[Start of section]

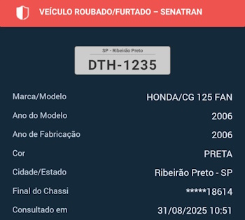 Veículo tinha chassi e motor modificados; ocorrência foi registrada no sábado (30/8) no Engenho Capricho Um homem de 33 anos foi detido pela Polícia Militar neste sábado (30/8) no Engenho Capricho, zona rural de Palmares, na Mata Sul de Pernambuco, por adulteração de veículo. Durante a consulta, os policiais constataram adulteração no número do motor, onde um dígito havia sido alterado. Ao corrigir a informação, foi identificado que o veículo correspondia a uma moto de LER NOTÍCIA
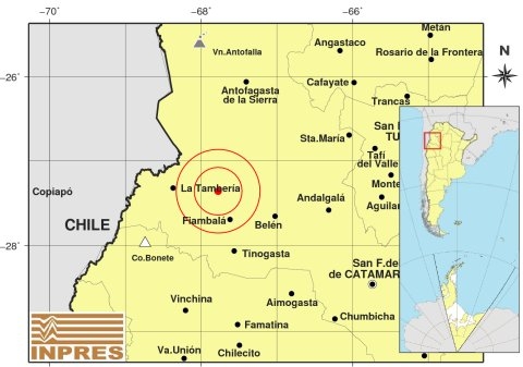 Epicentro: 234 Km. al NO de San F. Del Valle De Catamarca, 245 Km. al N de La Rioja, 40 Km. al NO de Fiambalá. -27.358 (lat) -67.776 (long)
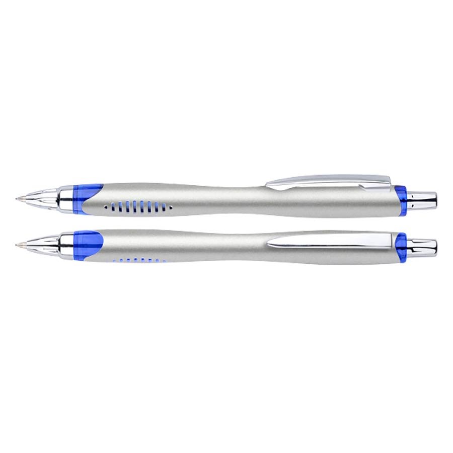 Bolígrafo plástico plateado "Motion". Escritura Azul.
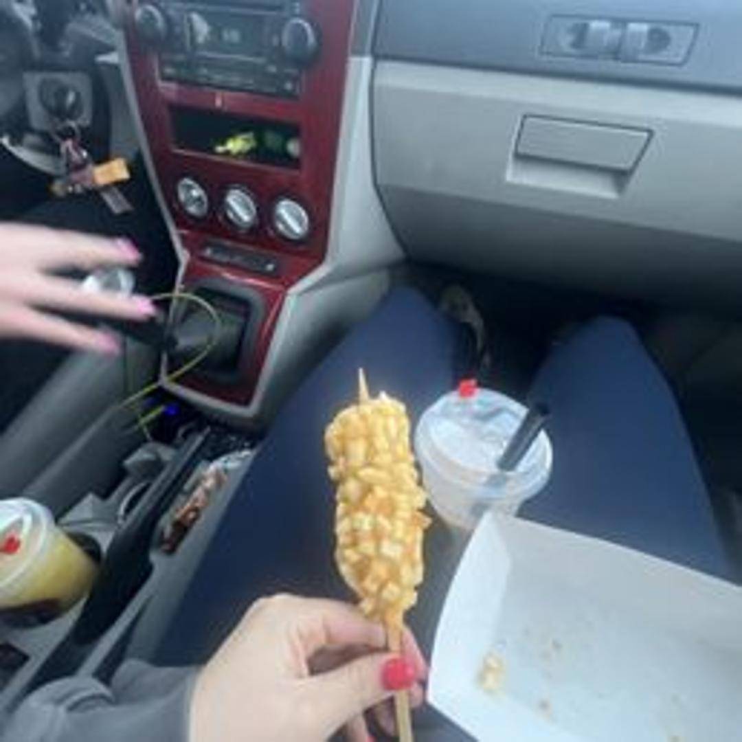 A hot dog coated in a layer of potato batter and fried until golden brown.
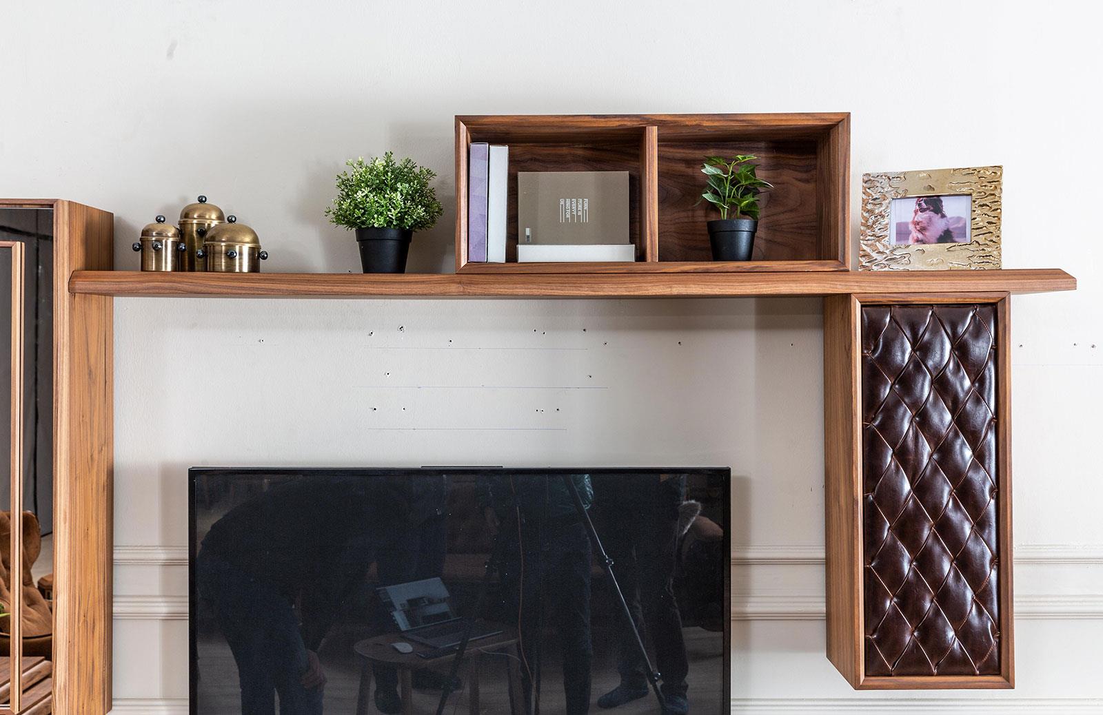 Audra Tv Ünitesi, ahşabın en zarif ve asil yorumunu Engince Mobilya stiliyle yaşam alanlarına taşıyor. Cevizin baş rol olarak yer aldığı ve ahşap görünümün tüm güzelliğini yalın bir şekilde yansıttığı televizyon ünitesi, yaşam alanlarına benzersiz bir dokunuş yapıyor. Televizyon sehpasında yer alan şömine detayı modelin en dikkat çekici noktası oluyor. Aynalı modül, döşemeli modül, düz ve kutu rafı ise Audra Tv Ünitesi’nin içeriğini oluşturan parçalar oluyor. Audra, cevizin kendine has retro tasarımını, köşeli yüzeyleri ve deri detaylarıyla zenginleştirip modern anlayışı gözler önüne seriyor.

[End of section]

#### ACTIVITY
For this exercise, write out the listing verbatim and leave every image out.

#### REPLY TO THE EXERCISE
 Veículo tinha chassi e motor modificados; ocorrência foi registrada no sábado (30/8) no Engenho Capricho Um homem de 33 anos foi detido pela Polícia Militar neste sábado (30/8) no Engenho Capricho, zona rural de Palmares, na Mata Sul de Pernambuco, por adulteração de veículo. Durante a consulta, os policiais constataram adulteração no número do motor, onde um dígito havia sido alterado. Ao corrigir a informação, foi identificado que o veículo correspondia a uma moto de LER NOTÍCIA
 Epicentro: 234 Km. al NO de San F. Del Valle De Catamarca, 245 Km. al N de La Rioja, 40 Km. al NO de Fiambalá. -27.358 (lat) -67.776 (long)
 Bolígrafo plástico plateado "Motion". Escritura Azul.
 A hot dog coated in a layer of potato batter and fried until golden brown.
 Audra Tv Ünitesi, ahşabın en zarif ve asil yorumunu Engince Mobilya stiliyle yaşam alanlarına taşıyor. Cevizin baş rol olarak yer aldığı ve ahşap görünümün tüm güzelliğini yalın bir şekilde yansıttığı televizyon ünitesi, yaşam alanlarına benzersiz bir dokunuş yapıyor. Televizyon sehpasında yer alan şömine detayı modelin en dikkat çekici noktası oluyor. Aynalı modül, döşemeli modül, düz ve kutu rafı ise Audra Tv Ünitesi’nin içeriğini oluşturan parçalar oluyor. Audra, cevizin kendine has retro tasarımını, köşeli yüzeyleri ve deri detaylarıyla zenginleştirip modern anlayışı gözler önüne seriyor.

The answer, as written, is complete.